┌────────

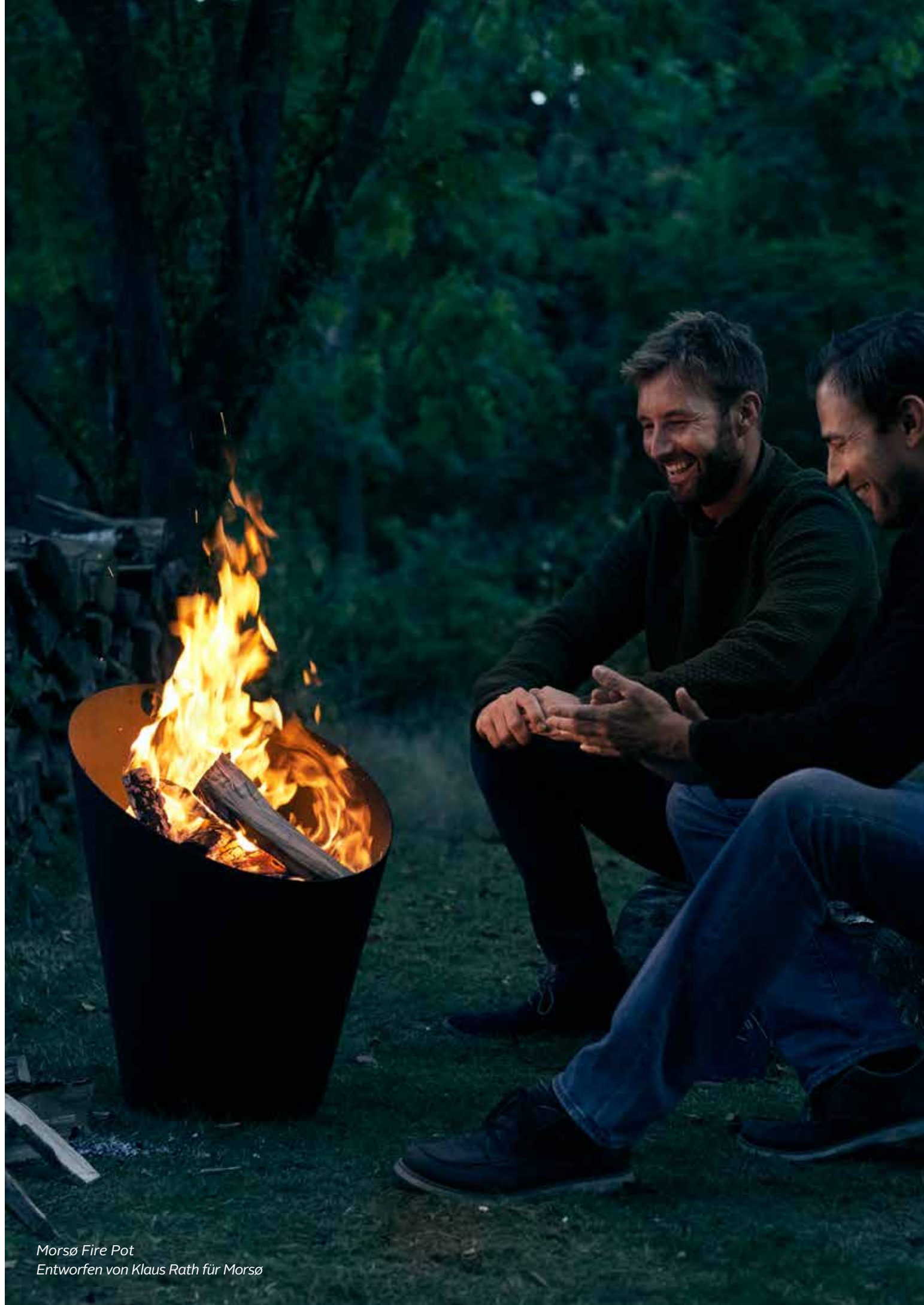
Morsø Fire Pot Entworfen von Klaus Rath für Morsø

└────────
┌────────

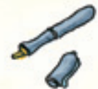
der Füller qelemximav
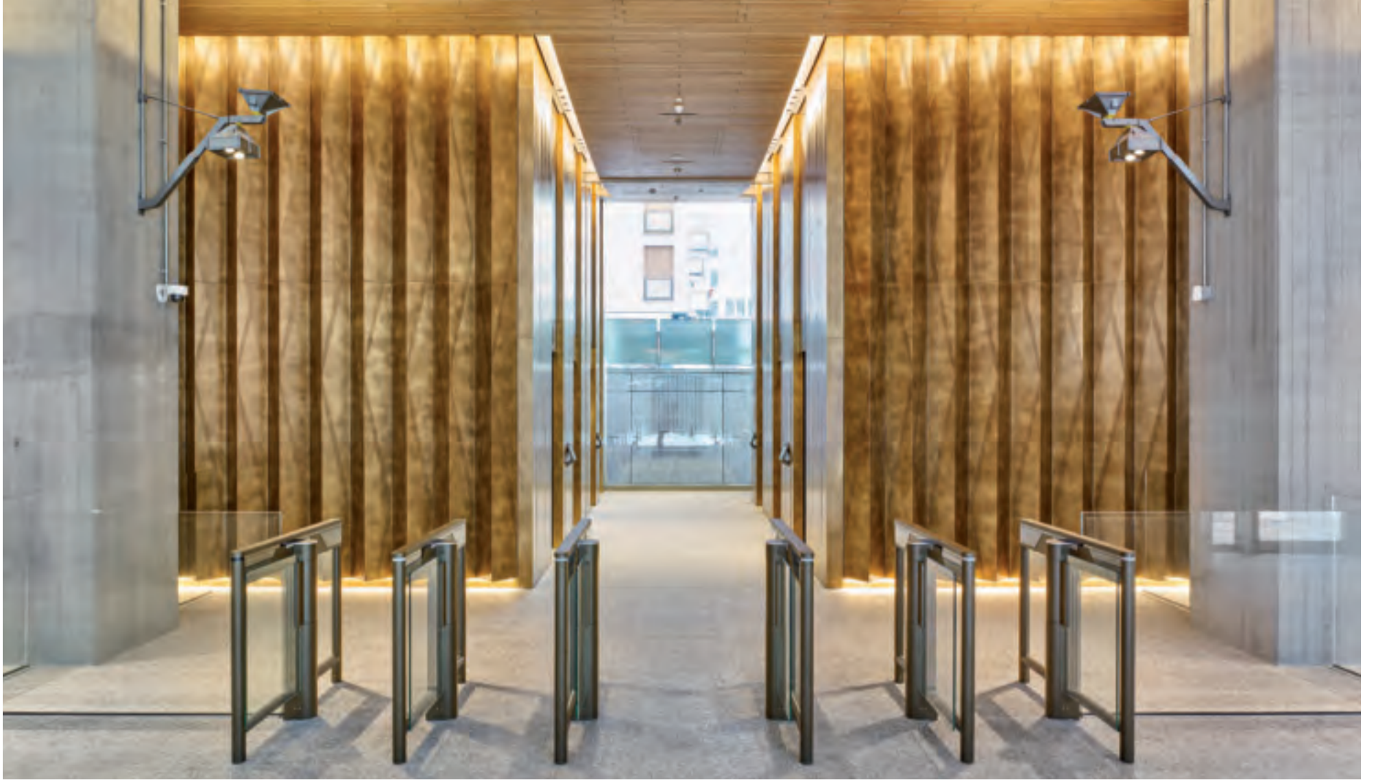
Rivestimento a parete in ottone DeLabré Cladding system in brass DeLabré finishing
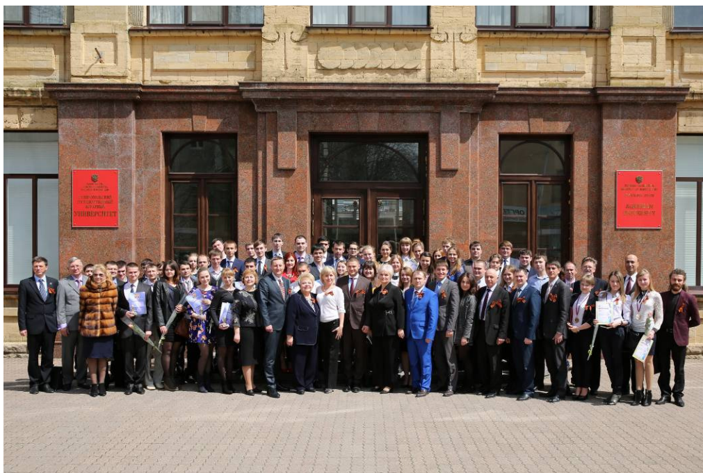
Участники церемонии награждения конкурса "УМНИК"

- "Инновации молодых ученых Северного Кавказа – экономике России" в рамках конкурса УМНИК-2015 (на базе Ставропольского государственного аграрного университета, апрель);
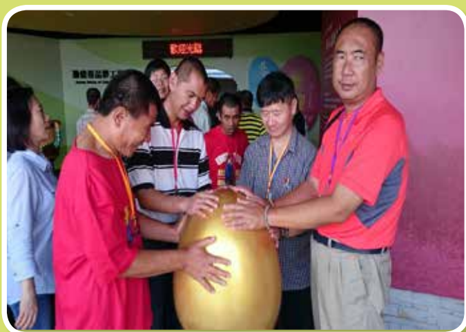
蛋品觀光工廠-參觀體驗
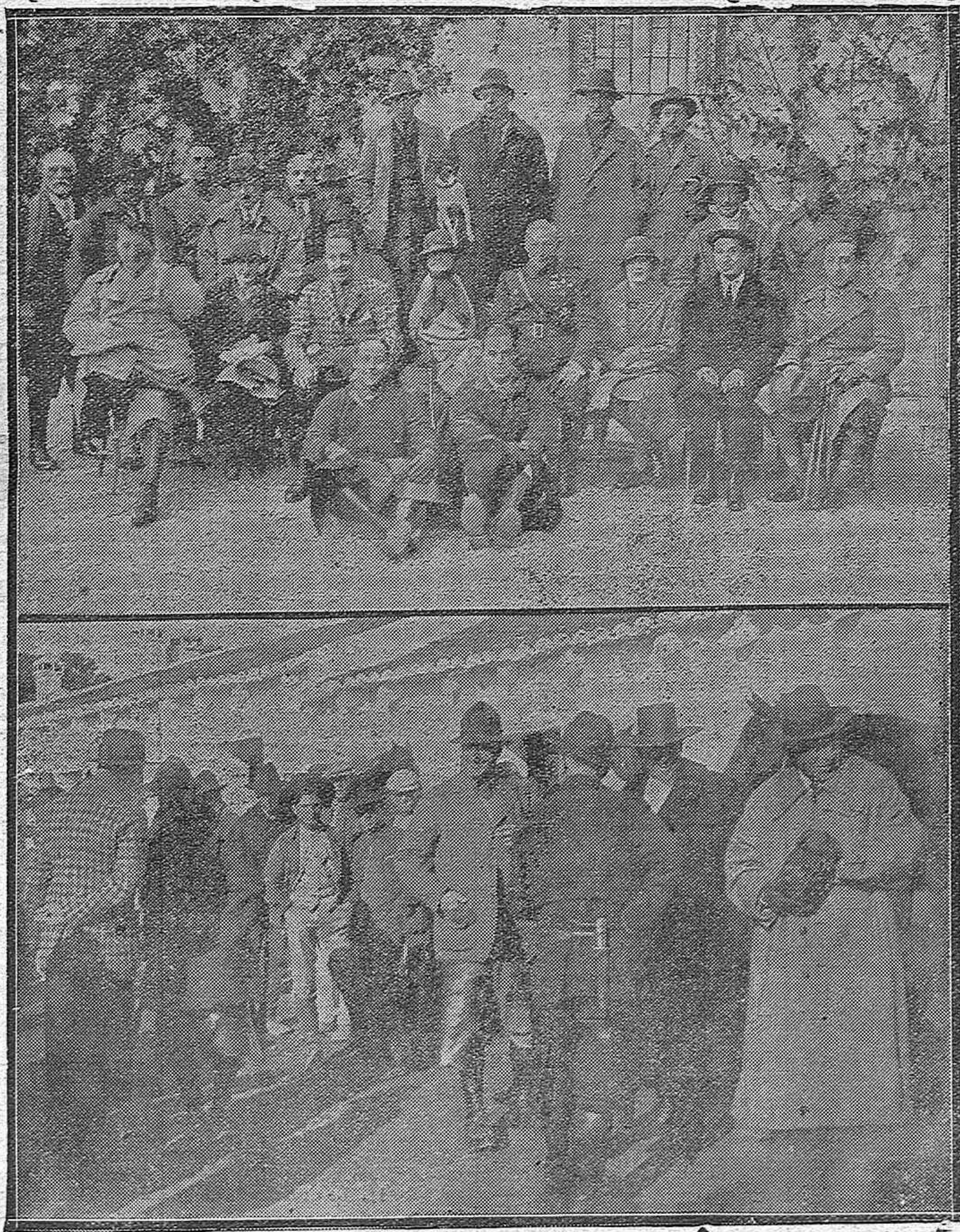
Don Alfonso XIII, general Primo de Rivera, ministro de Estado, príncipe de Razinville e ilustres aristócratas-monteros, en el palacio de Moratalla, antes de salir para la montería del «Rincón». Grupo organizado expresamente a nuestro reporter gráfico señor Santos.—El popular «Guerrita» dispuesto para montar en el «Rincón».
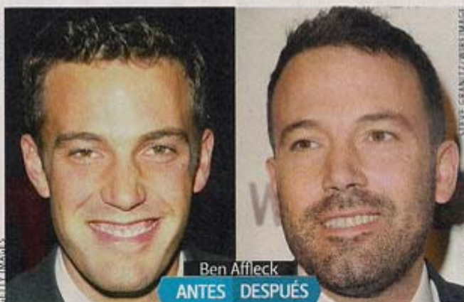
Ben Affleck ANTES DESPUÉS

└────────

YOUR GOAL: Line for line, output the entries above from the line with "der Füller qelemximav" to the line with "蛋品觀光工廠-參觀體驗", both included, and nothing more. Skip pictures.

WRITTEN RESPONSE:
der Füller qelemximav
Rivestimento a parete in ottone DeLabré Cladding system in brass DeLabré finishing
Участники церемонии награждения конкурса "УМНИК"

- "Инновации молодых ученых Северного Кавказа – экономике России" в рамках конкурса УМНИК-2015 (на базе Ставропольского государственного аграрного университета, апрель);
蛋品觀光工廠-參觀體驗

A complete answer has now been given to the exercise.